Define $C,P,T$ symmetry transformation in even dimensional $d$ spacetime on a relativistic Weyl fermion theory According to https://physics.stackexchange.com/a/488388/42982 we can define $C,P,T$ discrete symmetry transformation in even dimensional spacetime.
How could we write $C,P,T$ symmetry transformation in even dimensional $d$ spacetime on a relativistic Weyl fermion? Say $d=2,4,6,8,10?$ (We consider Weyl instead of Dirac fermion because Weyl fermion is a more basic building block. Two Weyl fermions can give one Dirc fermion.)
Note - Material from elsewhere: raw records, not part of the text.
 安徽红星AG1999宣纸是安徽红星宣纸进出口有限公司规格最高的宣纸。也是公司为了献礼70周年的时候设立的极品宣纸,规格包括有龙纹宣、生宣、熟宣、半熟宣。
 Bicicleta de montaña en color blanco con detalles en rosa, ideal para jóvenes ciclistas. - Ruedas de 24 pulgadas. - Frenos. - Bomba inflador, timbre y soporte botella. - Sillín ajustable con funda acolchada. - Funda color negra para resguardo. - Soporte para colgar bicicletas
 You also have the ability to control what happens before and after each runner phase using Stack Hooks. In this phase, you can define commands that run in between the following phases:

p.s. In odd dimensional spacetime, we can define $C$, Reflection, $T$ discrete symmetry transformations. But let us focus on even dimensional spacetime here.
 A: Time reversal $T$ and parity $P$ are the two generators of the $\mathbb{Z}_2\times \mathbb{Z}_2$ in the short exact sequence $\mathbb{Z}_2\times \mathbb{Z}_2\to\mathrm{O}(p,q) \to \mathrm{SO}^+(p,q)$, i.e. they are precisely the "part" of the full orthogonal group $\mathrm{O}$ that we lose when we pass to the Lie algebra $\mathfrak{so}$/connected component of the identity $\mathrm{SO}^+$ (the "proper orthochronous transformations"). Writing down the discrete $C,P,T$ symmetries for fermions tends to be very annoying because we obtain the Dirac representation via the Clifford algebra $\mathrm{Cl}_\mathbb{C}(p,q)$, but the representation of the Pin groups (covers of the $\mathrm{O}(p,q)$ groups like the spin group for the $\mathrm{SO}(p,q)$) depends on the sign convention because unfortunately $\mathrm{Pin}(p,q)$ is not identical to $\mathrm{Pin}(q,p)$.
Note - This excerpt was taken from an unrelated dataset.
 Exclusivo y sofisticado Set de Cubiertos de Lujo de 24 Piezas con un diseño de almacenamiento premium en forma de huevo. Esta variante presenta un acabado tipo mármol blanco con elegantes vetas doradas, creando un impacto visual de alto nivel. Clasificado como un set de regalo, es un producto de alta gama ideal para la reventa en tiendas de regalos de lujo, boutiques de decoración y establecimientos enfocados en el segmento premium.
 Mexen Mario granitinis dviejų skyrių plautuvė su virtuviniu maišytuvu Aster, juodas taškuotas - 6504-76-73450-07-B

The Weyl spinors are projective representations of $\mathrm{SO}^+$, but not of $\mathrm{O}$: The Dirac representation of the Clifford algebra is not reducible to the Weyl representations as a representation of $\mathrm{O}$ - the action of parity on a Dirac term is precisely to "exchange" its Weyl spinor components with each other, see e.g. this answer by Nephente, so the Weyl representations are not invariant subspace with respect to parity.
A way to figure out what the correct representation of time reversal on spinors is is outlined in this answer of mine. Both charge conjugation and parity in arbitrary dimension are discussed at length in "Gamma matrices, Majorana fermions, and discrete symmetries in Minkowski and Euclidean signature" by Mike Stone.